Treasuries Fall as Bond Selloff Extended; Dollar Drops on DataJeremy Herron
Treasuries fell amid renewed selling in European bonds that fueled concern the fixed-income slump is not done. U.S. stocks held declines, while the dollar retreated as weak retail-sales data added to signs the economy is decelerating.
Yields on 10-year Treasury notes rose four basis points to 2.28 percent by 5 p.m. in New York, after rates on similar maturity German bunds climbed five basis points for the 12th increase in 13 sessions. The Standard & Poor’s 500 Index slipped less than 0.1 percent following two days of losses. The Bloomberg Dollar Spot Index sank 0.7 percent. U.S. oil retreated, while gold climbed to a five-week high with silver.
The selloff in European government debt resumed after a brief pause early Wednesday, extending a rout that has erased more than $400 billion from fixed-income markets amid concern over a glut in global bond offerings. U.S. retail sales were little changed in April, despite economists projecting gains, with the Federal Reserve scrutinizing data following a weak first quarter to gauge the right time to raise interest rates.
“We’ve been at the mercy of the bond market because of a news vacuum with corporate earnings finished,” said Kelly Bogdanov, vice president and portfolio analyst at RBC Wealth Management in San Francisco. “Equities have been remarkably resilient in the face of yields and uncertainty about when the Fed will pull the trigger. The fact that we’re up near these highs is a positive for the stock market.”
While the S&P 500 has lost 0.8 percent this week, it is still within 1 percent of a record high. The gauge jumped the most since March on Friday after a report showed hiring in the U.S. bounced back in April from a winter slowdown.
In the U.S. debt market Wednesday, benchmark 10-year notes initially rose after a $24 billion sale of government debt, before resuming their retreat. Yields touched 2.36 percent Tuesday, the highest level since Nov. 14, and are up from as low as 1.80 percent in April.
Bonds across the euro area reversed earlier gains on concern sales from Asia to the U.S. will overwhelm demand for sovereign securities. German bunds have been at the epicenter of the month-long selloff in fixed-income, with yields rising to as high as 0.78 percent on May 7, from a record low 0.049 percent in April.
The disappointing retail sales report came as the Fed assesses the timing for its first rate increase since 2006. The Bloomberg dollar gauge, which tracks the greenback versus 10 major peers, slid to a four-month low as the greenback declined against most of its main counterparts on concern weak data will spur the Fed to hold off on increasing borrowing costs.
“We had a couple down days and now all this bad data just pushes out the Fed longer to tighten,” Frank Ingarra, head trader at Greenwich, Connecticut-based Northcoast Asset Management LLC, said by phone. Northcoast has $3 billion under management. “It’s going to be range-bound trading until we get something that will break us through, either the Fed saying they won’t tighten or some phenomenal economic data.”

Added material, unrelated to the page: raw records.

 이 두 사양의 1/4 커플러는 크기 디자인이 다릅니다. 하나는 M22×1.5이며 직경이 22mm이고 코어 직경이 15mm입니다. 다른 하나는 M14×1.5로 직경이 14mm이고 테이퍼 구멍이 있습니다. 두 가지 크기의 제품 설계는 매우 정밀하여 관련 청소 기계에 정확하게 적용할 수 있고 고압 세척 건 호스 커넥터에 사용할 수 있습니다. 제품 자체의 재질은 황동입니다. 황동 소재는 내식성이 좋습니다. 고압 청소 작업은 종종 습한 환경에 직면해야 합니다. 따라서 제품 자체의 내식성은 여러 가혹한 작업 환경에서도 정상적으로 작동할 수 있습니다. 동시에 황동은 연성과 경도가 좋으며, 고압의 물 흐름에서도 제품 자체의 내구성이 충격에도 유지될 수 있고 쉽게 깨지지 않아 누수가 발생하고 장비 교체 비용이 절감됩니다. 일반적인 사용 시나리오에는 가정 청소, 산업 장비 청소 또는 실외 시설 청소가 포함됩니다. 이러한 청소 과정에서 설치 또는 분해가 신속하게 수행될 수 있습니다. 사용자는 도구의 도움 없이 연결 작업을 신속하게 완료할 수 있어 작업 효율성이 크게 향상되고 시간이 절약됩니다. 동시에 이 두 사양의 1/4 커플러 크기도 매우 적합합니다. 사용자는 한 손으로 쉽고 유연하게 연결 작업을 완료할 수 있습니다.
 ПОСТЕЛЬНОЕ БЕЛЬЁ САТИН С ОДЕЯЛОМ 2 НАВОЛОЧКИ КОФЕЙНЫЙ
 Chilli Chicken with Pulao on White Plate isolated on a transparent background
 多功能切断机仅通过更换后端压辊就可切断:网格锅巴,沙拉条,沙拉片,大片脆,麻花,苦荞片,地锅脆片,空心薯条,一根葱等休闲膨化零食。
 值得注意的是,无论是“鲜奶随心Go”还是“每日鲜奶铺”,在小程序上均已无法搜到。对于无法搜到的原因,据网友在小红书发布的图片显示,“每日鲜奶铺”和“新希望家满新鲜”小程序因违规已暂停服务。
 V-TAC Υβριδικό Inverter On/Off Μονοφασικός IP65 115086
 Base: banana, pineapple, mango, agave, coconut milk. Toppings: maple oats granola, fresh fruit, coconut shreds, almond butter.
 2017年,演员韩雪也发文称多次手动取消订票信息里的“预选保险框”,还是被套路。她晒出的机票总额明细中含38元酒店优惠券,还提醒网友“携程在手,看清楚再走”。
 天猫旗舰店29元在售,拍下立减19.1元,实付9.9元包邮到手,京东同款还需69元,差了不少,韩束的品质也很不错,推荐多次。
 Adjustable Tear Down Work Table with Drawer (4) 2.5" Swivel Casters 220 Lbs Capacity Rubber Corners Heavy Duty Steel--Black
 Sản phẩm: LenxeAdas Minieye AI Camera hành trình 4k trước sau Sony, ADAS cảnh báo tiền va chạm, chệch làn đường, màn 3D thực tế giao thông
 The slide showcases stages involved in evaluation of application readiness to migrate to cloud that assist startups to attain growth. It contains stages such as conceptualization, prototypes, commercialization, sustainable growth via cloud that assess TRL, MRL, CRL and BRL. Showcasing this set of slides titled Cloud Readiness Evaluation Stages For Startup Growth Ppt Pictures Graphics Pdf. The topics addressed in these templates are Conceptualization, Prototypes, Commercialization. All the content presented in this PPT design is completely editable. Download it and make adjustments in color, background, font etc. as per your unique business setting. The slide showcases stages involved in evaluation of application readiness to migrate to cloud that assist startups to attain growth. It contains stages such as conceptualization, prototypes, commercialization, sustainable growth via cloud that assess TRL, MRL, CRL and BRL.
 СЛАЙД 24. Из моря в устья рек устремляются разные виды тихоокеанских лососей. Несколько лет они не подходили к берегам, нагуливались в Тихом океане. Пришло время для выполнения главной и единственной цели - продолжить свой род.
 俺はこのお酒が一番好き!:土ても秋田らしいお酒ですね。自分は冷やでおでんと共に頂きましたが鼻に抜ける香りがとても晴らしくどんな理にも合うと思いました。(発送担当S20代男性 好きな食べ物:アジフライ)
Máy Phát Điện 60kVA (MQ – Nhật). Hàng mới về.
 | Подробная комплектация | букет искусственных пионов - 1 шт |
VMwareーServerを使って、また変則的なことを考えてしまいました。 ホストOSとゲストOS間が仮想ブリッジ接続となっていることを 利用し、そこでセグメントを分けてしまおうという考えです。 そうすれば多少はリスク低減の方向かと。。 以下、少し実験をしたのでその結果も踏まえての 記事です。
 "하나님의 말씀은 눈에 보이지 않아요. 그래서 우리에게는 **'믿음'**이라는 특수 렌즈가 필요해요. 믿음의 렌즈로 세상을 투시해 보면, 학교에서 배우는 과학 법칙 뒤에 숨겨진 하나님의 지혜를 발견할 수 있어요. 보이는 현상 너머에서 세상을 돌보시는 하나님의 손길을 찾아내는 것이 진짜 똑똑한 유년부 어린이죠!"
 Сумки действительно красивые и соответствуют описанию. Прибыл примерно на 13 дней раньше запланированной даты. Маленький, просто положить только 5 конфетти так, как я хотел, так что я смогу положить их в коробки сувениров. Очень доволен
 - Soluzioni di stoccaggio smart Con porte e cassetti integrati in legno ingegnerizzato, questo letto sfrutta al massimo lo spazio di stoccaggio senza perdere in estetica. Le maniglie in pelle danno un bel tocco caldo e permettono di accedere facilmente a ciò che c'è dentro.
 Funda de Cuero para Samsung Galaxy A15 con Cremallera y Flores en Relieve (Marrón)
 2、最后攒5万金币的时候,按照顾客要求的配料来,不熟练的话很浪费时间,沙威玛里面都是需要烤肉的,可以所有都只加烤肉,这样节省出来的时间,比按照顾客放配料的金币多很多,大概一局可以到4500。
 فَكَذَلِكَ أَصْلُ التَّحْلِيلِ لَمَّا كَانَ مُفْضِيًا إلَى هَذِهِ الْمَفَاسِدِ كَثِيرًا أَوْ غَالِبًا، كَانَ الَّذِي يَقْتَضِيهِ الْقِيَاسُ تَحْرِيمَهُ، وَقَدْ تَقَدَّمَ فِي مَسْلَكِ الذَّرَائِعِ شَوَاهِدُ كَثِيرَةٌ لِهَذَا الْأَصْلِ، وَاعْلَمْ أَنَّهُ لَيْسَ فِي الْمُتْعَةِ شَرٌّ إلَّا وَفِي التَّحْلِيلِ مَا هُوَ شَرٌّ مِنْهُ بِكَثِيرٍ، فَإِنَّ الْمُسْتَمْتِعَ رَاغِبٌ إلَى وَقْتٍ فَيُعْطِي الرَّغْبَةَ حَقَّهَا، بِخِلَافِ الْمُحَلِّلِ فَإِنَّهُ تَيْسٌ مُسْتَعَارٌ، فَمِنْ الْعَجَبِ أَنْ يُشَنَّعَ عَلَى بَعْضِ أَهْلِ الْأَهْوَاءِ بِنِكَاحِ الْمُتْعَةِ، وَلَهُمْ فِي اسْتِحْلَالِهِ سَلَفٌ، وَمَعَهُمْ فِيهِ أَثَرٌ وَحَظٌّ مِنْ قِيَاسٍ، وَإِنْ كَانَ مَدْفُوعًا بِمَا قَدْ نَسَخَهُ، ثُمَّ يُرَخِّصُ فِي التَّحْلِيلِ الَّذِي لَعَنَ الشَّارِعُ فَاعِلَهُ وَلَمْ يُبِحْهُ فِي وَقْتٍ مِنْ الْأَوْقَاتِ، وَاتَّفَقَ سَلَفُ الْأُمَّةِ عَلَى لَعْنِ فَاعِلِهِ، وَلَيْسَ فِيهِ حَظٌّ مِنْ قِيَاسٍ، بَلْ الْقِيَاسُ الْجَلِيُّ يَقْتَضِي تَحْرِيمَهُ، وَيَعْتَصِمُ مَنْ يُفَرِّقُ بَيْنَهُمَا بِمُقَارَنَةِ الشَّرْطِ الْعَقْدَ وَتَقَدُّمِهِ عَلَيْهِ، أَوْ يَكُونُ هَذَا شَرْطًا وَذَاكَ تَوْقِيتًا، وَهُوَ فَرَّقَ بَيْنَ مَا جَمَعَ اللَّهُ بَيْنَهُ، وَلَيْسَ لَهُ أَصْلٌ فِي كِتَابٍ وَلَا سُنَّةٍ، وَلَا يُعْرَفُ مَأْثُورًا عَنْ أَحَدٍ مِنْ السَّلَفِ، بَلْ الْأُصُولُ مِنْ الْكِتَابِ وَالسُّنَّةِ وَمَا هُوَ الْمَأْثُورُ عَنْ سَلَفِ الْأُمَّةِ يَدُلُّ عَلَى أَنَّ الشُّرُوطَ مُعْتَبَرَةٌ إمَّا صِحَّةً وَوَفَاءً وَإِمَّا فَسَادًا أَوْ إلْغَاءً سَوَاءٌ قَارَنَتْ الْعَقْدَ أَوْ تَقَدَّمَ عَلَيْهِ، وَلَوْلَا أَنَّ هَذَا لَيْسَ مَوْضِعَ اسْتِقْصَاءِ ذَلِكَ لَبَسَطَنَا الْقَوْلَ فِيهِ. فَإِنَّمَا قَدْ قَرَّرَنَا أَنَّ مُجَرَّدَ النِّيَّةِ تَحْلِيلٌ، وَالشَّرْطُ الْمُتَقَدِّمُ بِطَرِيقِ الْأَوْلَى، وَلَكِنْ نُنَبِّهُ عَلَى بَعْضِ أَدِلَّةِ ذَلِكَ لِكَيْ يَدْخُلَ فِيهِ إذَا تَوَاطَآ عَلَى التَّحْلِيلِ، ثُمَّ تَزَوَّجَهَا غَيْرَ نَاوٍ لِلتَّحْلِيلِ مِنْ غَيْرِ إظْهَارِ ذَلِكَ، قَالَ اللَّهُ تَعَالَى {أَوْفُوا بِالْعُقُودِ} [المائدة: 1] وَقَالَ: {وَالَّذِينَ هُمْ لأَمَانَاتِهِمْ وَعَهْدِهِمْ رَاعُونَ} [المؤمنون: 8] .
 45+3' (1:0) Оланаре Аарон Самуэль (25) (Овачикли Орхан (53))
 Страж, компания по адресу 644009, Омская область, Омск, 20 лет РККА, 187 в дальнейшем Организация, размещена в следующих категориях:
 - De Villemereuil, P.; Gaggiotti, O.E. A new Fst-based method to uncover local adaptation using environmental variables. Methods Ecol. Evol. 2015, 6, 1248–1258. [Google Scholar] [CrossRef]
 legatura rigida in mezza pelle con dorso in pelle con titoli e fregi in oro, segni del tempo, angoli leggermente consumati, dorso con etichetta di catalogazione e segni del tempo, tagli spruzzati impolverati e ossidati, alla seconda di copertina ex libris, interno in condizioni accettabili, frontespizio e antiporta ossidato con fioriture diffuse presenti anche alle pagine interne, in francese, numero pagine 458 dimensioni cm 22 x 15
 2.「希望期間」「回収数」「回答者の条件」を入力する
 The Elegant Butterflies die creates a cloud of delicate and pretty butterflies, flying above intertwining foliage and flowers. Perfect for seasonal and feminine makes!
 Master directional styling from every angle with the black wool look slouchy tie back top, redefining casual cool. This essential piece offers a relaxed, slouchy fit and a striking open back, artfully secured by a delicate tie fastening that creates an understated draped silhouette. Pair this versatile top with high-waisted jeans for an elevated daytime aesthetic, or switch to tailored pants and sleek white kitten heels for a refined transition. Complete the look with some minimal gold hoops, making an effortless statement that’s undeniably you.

Australia’s dollar led gains against the greenback, jumping 1.7 percent to its strongest level since January amid bets the country’s central bank may have halted its rate-cut cycle. The New Zealand dollar was in second place, climbing 1.6 percent after policy makers there omitted reference in a report out Wednesday to the currency’s level being unjustified.
Merger activity increased Wednesday, as Williams Cos. agreed to buy the 40 percent of Williams Partners LP it doesn’t already own for $13.8 billion, simplifying its corporate structure. Danaher Corp. will purchase water-systems maker Pall Corp. for $13.8 billion and said it will split itself into two publicly traded companies.
The Stoxx Europe 600 Index fell 0.2 percent in a second day of declines. The measure rose as much as 1.1 percent earlier in the day after a report showed the euro area’s economy expanded at its fastest pace in almost two years.
The MSCI Emerging Markets Index rose 0.5 percent as benchmark gauges in Russia, India, Indonesia, South Africa, South Korea and Thailand gained at least 0.6 percent.
U.S. crude futures closed lower for the second time this week after refineries reduced their crude use by the most in almost four months. West Texas Intermediate slipped 0.4 percent to $60.50 a barrel. Brent oil fell 12 cents to $66.74 a barrel.
The prospect of a delay in U.S. rate increases boosted precious metals, with gold futures for June delivery up 2.2 percent to $1,218.20 an ounce in New York. The price rose to $1,218.50, the highest level for a most-active contract since April 6. Silver futures for July delivery surged 4.2 percent to $17.221 an ounce on the Comex.